Face swapping in photos is straightforward — send two images to an API and get the result. But face swapping in video requires a different approach. A video is just a sequence of frames, so the strategy is to extract every frame, swap the face on each one, and reassemble the frames back into a video. This tutorial walks you through the entire pipeline in Python using ffmpeg for video processing and the Face Swap API for the actual face replacement.

Side-by-side comparison: original video frames on the left, face-swapped frames on the right

Live demo — original video frames (left) vs. face-swapped result (right), processed frame-by-frame with the Face Swap API.

How Video Face Swap Works

Unlike real-time face swap filters that run on-device, this approach processes a video file offline with high-quality results. The workflow has four stages:

  1. Extract — Split the video into individual JPEG frames using ffmpeg.
  2. Filter — Detect which frames contain a face. Skip the rest to save API calls.
  3. Swap — Send each face-containing frame to the API along with the source face.
  4. Reassemble — Stitch the processed frames back into a video with ffmpeg, preserving the original audio.

Prerequisites

You need Python 3.8+, ffmpeg installed on your system, and a RapidAPI key for the Face Swap API. Install the Python dependencies:

bash
pip install requests

Verify ffmpeg is available:

bash
ffmpeg -version

Step 1: Extract Frames from the Video

The first step is to split the video into individual frames. ffmpeg does this efficiently and preserves the exact frame rate. Each frame is saved as a numbered JPEG file.

python
import subprocess
import os
import json

def extract_frames(video_path: str, frames_dir: str) -> tuple[int, float]:
    """Extract all frames from a video and return (frame_count, fps)."""
    os.makedirs(frames_dir, exist_ok=True)
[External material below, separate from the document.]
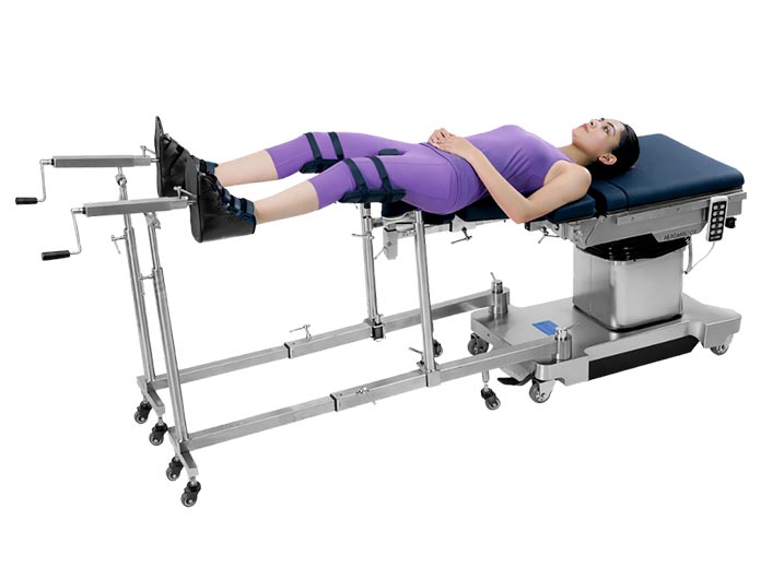 AM 01 enables precise lower-limb orthopedic and traction procedures, featuring SS 304 construction, an asymmetrical pelvic support plate, dual ball-joint traction assemblies, padded knee crutches, and universal OT table compatibility.

    # Get video FPS and frame count
    probe = subprocess.run(
        [
            "ffprobe", "-v", "quiet",
            "-print_format", "json",
            "-show_streams",
            video_path,
        ],
        capture_output=True, text=True,
    )
    streams = json.loads(probe.stdout)["streams"]
    video_stream = next(s for s in streams if s["codec_type"] == "video")

    fps_parts = video_stream["r_frame_rate"].split("/")
    fps = int(fps_parts[0]) / int(fps_parts[1])

    # Extract frames as JPEG
    subprocess.run(
        [
            "ffmpeg", "-i", video_path,
            "-qscale:v", "2",           # high quality JPEG
            f"{frames_dir}/frame_%05d.jpg",
        ],
        capture_output=True,
    )

    frame_count = len([f for f in os.listdir(frames_dir) if f.endswith(".jpg")])
    print(f"Extracted {frame_count} frames at {fps:.2f} FPS")
    return frame_count, fps

# Usage
total_frames, fps = extract_frames("input_video.mp4", "frames/")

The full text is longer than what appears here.